Existing implementations of Generative AI, like Microsoft Copilot and OpenAI ChatGPT, implement RAG in the core of their architecture. These are larger AI systems that offer more elaborate AI Agent architectures, but at the core is still RAG and Generative AI using LLMs.
Retrieval Augmented Generation using Vector Database
The most common method of implementing RAG is through the use of a Vector Database. A Vector Database will convert text data into numerical vectors using techniques such as word embeddings and transformers. The Vector Database can then be searched using a text query that it will then find vectors (and thus text) within the database that are similar based on a distance metric using mathematical algorithm such as cosine similarity search.
Load the Vector Database
The first step to implement RAG within the Generative AI App written in C#, you will add code when the app starts to load some text data (or documents) into a vector database. In the following example, we’ll use the Build5Nines.SharpVector in-memory vector database to load a folder of documents:
// Initialize the Vector Database
var vectorDatabase = new Build5Nines.SharpVector.BasicMemoryVectorDatabase();
// Load Documents into Vector Database
var loader = new Build5Nines.SharpVector.Data.TextDataLoader<int, string>(vectorDatabase);
loader.AddDocument(document, new TextChunkingOptions<string>
{
Method = TextChunkingMethod.Paragraph,
RetrieveMetadata = (chunk) => {
// add json to metadata containing the source filename
return “{ filename: \”” + filename + \” }”;
}
});
This example uses Text Chunking to break up the loaded documents into individual paragraphs that are loaded into the vector database. This will have the result that each of the search results returned later will be individual paragraphs. Also, the RetrieveMetadata lambda expression is being used to set the Metadata for each text chuck to be a JSON string that contains the original filename of the document the paragraph is from. This can be used later to load the full document for building the augmented context used for AI generation.
More Information: You can find more examples and explanation on using the Build5Nines.SharpVector library in the “Perform Vector Database Similarity Search in .NET Apps using Build5Nines.SharpVector” article.
There are obviously other more robust vector database servers, such as Azure Cosmos DB, Azure AI Search, and PostgreSQL w/ pgvector. For most enterprise applications you’ll likely use those, but for smaller applications and learning exercises, the Build5Nines.SharpVector library works great. Plus, Build5Nines.SharpVector is Open Source!
Use Prompt to Search Vector Database
In order to do the Retrieval and Augmentation of the users Prompt with additional context and data, you’ll need to actually search the Vector Database.
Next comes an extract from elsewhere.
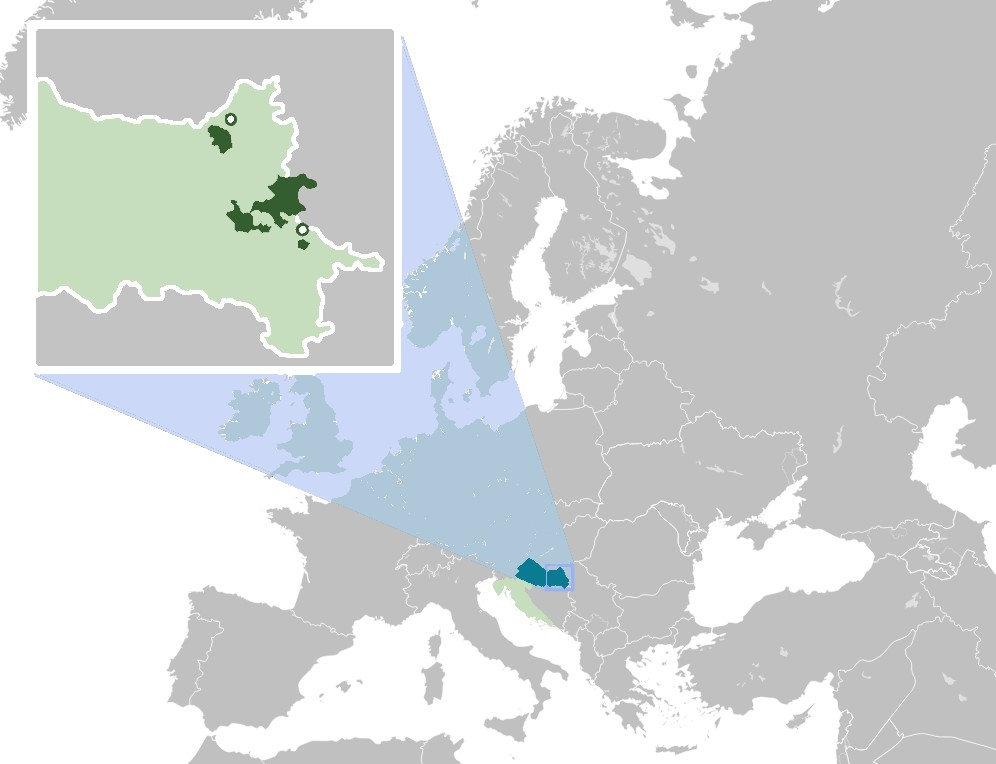 Map of Joint Council of Municipalities within the Croatia and Europe. The map is a polar orthographic projection Joint Council of Municipalities Croatia (except Joint Council of Municipalities) Europe (except Croatia)

The following is an example using the Build5Nines.SharpVector in-memory database that was previously loaded:
var searchResult = vectorDatabase.Search(
userPrompt, // User Prompt
pageCount: 5 // Return the first 5 similarity matches
threshold: 0.3f // Set vector comparison threshold (range is 0.0 to 1.0)
);
The following arguments are being passed into the .Search() method:
userPrompt: This is the user prompt or text that we want to perform a vector search for.
pageCount: This is the number of results to return in the response from the search query. This will limit the results to the specified maximum count.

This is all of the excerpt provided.